Его послевоенная деятельность не менее любопытна. Председатель полевого аудиториата 1-й армии, Белоградский в 1835 году занял должность члена генерал-аудиториата Военного министерства, а 17 марта 1845 года произведён в генералы от инфантерии. Именно с этим родом деятельности у Белоградского, по всей видимости, возникли проблемы с законностью. Согласно информации «Словаря русских генералов, участников боевых действий против армии Наполеона Бонапарта в 1812-1815 гг.» (Российский Архив. Т. VII. - М: студия «ТРИТЭ» Н. Михалкова, 1996) указано в частности, что «10.02.1849 г. - Белоградский отставлен от службы за „предосудительные поступки" и отправлен к церковному покаянию в Коневецкий Рождественский монастырь С.-Петерб. Епархии».
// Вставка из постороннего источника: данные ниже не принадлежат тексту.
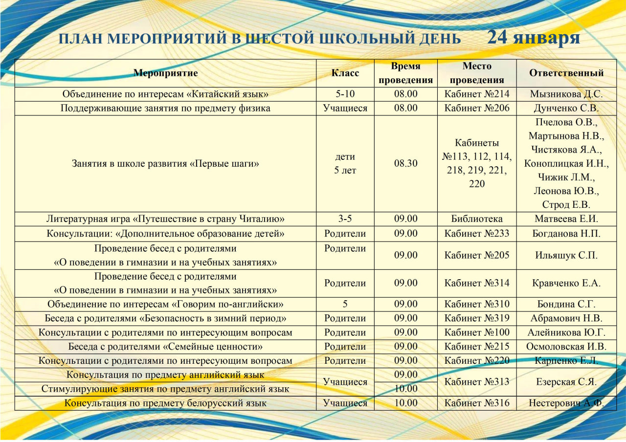 Государственное учреждение образования "Гимназия №3 г.Могилёв" » Суббота в гимназии » План мероприятий в шестой школьный день 24.01.2026 г.

Более серьезных причин отставки пока не обнаружено, но известно, что генерал скончался 9 февраля 1851 года «вследствие ушиба от падения из саней» и был похоронен на острове Коневец в Ладожском озере.
Как оказалось, непосредственное участие его в судьбах раненных во время войны, опыт наблюдения за личными страданиями и смертями, стали основой для составления завещания Белоградского.
Свой капитал (более 150 тысяч рублей), не имевший детей генерал завещал потратить на строительство и обустройство в Санкт-Петербурге приют для круглых сирот и детей штаб- и обер-офицеров.
Прошло немало времени пока воля завещателя, после немалых хлопот, вследствие судебной волокиты, была осуществлена. 17 ноября 1893 года Санкт-Петербургская городская дума утвердила инструкцию, согласно которой в городской Сиротский дом имени Белоградского принимались дети офицеров, круглые сироты, мальчики и девочки не старше 10 лет. После получения в приюте начального образования, управа должна ходатайствовать о приеме детей в корпуса, гимназии, институты и другие учебные заведения на казённый счёт.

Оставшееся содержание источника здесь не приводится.